“昨夜……末将虽神智混沌,却也听见姑娘在榻上说……清白……要宝石来换。”
霍重渊别开眼,那张万年不化的铁血冷脸上,耳根子竟然红得几乎要滴出水来。
他紧绷着一副严厉的直男面孔,将一只盛满了西域极品红宝石的紫檀木小方盒,顺着屏风缝隙羞涩地递了进来:
“姑娘高风亮节,不想用婚约挟恩图报,看不上末将名下的那些粗俗彩礼……”
姜远乔:蛤???谁看不上彩礼了?我那是大帅高帽戴得太快,我没来得及改口啊!
还没等她反驳,她的目光就死死黏在了那只递进来的紫檀木盒子上。
那可是西域血红宝石啊!
核桃大小,水头极足,这一小盒如果在长安东市折现,高低能换两百两白金,买下终南山半个山头都绰绰有余!

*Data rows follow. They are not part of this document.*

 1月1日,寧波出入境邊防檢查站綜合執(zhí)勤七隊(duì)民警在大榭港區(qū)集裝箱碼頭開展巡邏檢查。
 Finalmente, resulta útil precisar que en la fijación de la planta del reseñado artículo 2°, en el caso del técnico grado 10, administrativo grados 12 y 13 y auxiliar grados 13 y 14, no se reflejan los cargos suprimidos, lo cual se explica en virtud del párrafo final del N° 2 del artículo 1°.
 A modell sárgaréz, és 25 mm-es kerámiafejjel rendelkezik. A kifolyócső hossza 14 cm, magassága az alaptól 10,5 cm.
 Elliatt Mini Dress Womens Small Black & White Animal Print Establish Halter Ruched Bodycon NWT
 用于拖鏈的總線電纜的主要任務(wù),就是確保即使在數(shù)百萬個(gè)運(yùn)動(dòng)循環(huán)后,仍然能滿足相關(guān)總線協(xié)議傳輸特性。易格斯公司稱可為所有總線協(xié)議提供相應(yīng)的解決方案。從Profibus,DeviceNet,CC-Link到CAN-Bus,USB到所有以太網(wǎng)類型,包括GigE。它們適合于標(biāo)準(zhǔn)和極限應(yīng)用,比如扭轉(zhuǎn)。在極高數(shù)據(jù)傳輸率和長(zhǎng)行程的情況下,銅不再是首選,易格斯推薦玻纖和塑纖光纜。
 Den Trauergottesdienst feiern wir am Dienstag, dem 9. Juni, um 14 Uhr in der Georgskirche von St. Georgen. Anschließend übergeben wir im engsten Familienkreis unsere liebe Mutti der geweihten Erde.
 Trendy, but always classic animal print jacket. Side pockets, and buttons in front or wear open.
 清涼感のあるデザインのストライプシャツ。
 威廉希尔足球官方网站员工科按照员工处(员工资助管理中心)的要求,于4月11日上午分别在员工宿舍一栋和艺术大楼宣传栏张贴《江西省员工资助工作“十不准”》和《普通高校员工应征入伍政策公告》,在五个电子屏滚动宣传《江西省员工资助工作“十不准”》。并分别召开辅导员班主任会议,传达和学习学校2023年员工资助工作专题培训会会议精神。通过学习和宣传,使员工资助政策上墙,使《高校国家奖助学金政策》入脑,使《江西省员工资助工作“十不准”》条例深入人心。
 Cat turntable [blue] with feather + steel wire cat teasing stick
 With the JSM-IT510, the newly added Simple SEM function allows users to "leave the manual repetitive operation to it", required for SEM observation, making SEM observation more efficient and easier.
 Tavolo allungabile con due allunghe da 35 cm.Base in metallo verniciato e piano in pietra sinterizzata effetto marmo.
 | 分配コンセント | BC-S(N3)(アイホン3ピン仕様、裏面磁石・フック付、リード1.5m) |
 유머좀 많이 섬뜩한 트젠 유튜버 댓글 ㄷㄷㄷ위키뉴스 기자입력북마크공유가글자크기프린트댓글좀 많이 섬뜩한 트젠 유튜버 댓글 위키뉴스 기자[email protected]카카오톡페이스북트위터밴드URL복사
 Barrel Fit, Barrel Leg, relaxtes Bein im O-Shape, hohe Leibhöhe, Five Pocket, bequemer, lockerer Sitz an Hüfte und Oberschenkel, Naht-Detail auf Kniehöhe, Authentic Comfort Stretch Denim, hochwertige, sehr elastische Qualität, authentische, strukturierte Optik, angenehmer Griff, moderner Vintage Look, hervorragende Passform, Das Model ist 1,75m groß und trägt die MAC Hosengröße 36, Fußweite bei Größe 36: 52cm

战神大将长长地吸了一口气,仿佛在宣读什么铁血军令,一字一顿道:
“这盒红宝石你先拿着,算是头一笔定金。从今日起,本将的战利赏赐,按照彩礼标准,皆会如数折现送过来,绝不让姑娘平白受了损失。”
正窝在行军床上翻白眼的娇娇,听到这句话,到嘴的痛骂生生卡在了喉咙里。
她的小心脏狠狠地蹦跳了两下,内心的阴云瞬间被金钱的光芒吞噬得一干二净。
这古板男人……倒是个说到做到的正人君子,算他有良心。
她强压下内心想要仰天大笑的狂喜,刺溜一下从床上爬起来,做出一副极其勉强的模样,小心翼翼地把盒子抱进怀里。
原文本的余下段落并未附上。